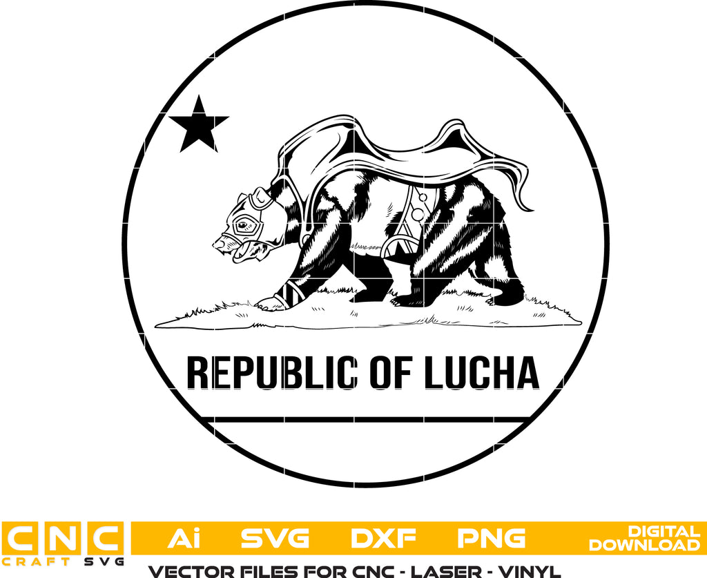 The Republic of Lucha Seal SVG celebrates the spirit, heritage, and artistry of Lucha Libre wrestling. Designed in high-quality scalable vector format, this emblem is ideal for CNC cutting, laser engraving, vinyl decals, apparel, signage, and collectible projects. Perfect for wrestling fans, merchandise creators, and graphic designers, it maintains crisp, professional detailing on metal, wood, fabric, or acrylic, honoring the iconic imagery of Lucha Libre.
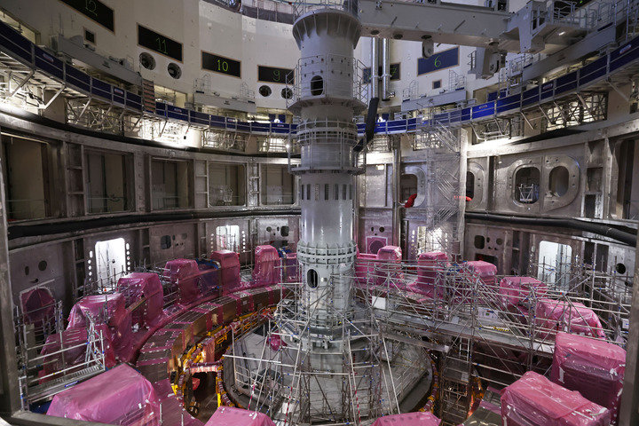 這是11月23日在位于法國圣保羅-萊迪朗斯的國際熱核聚變實驗反應(yīng)堆(ITER)建設(shè)現(xiàn)場拍攝的安裝中的托卡馬克裝置。(梁希之 攝)
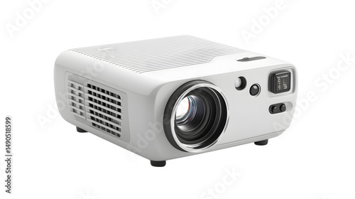 A sleek white projector with a modern design, showcasing its lens and control panel.
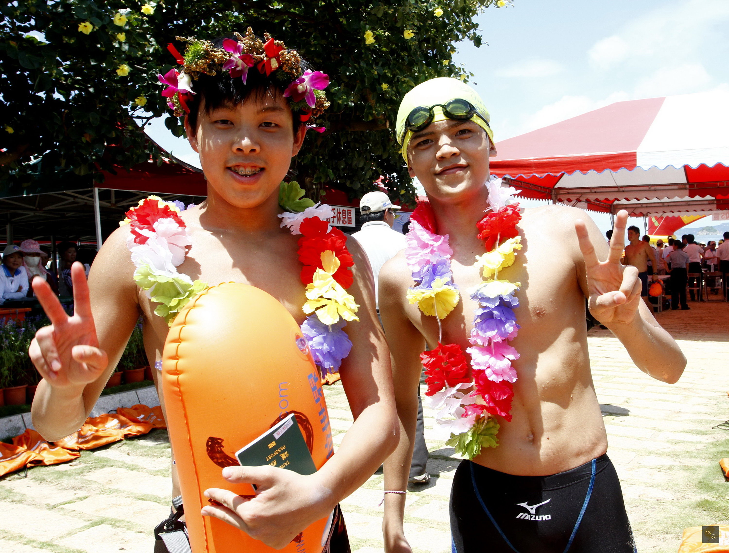 2011金廈海域泳渡─全球華人接力公開賽29日舉行,兩岸78隊156名選手競速7公里海域,台灣蘇子傑和鄧宇恩聯手稱王,大陸鄭倩倩和楊丹丹搭檔封后。
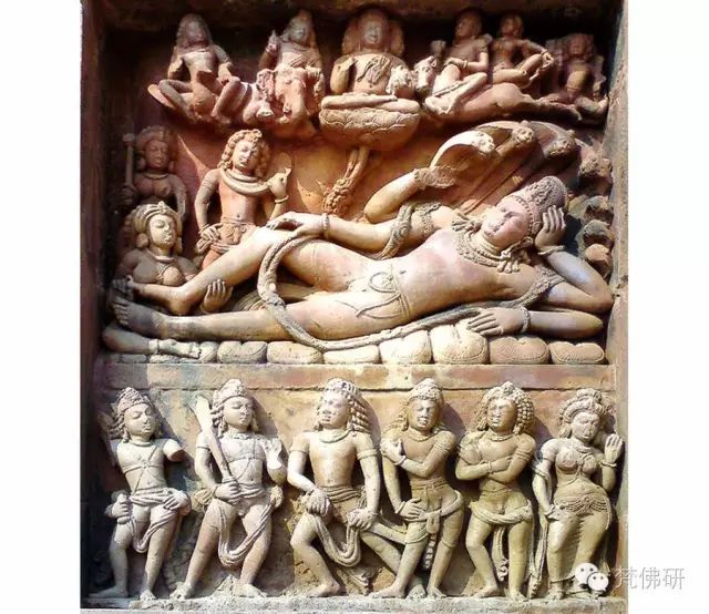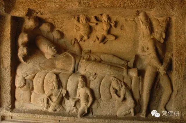 (毗湿奴躺在蛇床上,泰米尔纳德邦大力城,7-8世纪帕拉瓦王朝神庙群)
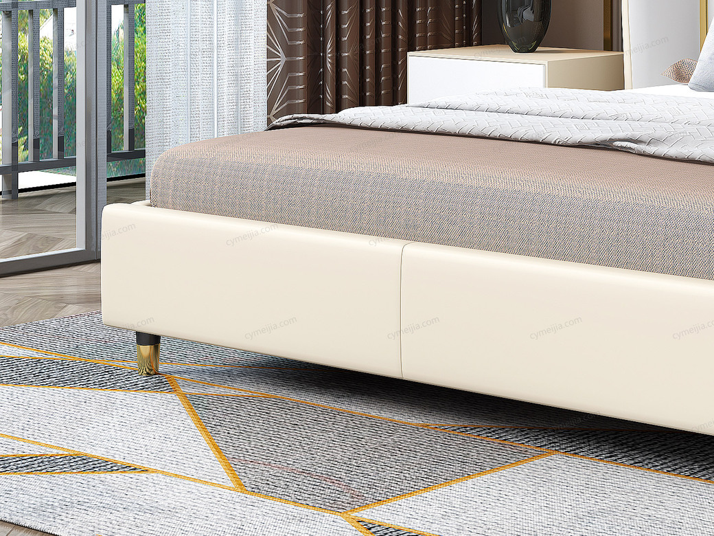 | 产品材质 : | 头层黄牛皮(接触面)+仿真皮(非接触面)+实木(床侧)+10公分松木排骨架 |
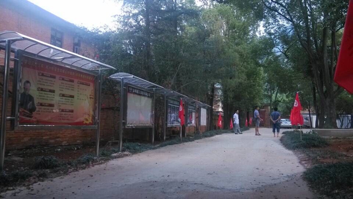 駐地辦公區(qū)印有“云南建工”標識的小紅旗、安全標語及宣傳欄

**Task prompt**
Copy exactly, please, the lines that run from the line holding "产品材质 : | 头层黄牛皮(接触面)+仿真皮(非接触面)+实木(床侧)+10公分松木排骨架 |" through the closing line of the material above, omitting every picture.

**Task answer**
 | 产品材质 : | 头层黄牛皮(接触面)+仿真皮(非接触面)+实木(床侧)+10公分松木排骨架 |
 駐地辦公區(qū)印有“云南建工”標識的小紅旗、安全標語及宣傳欄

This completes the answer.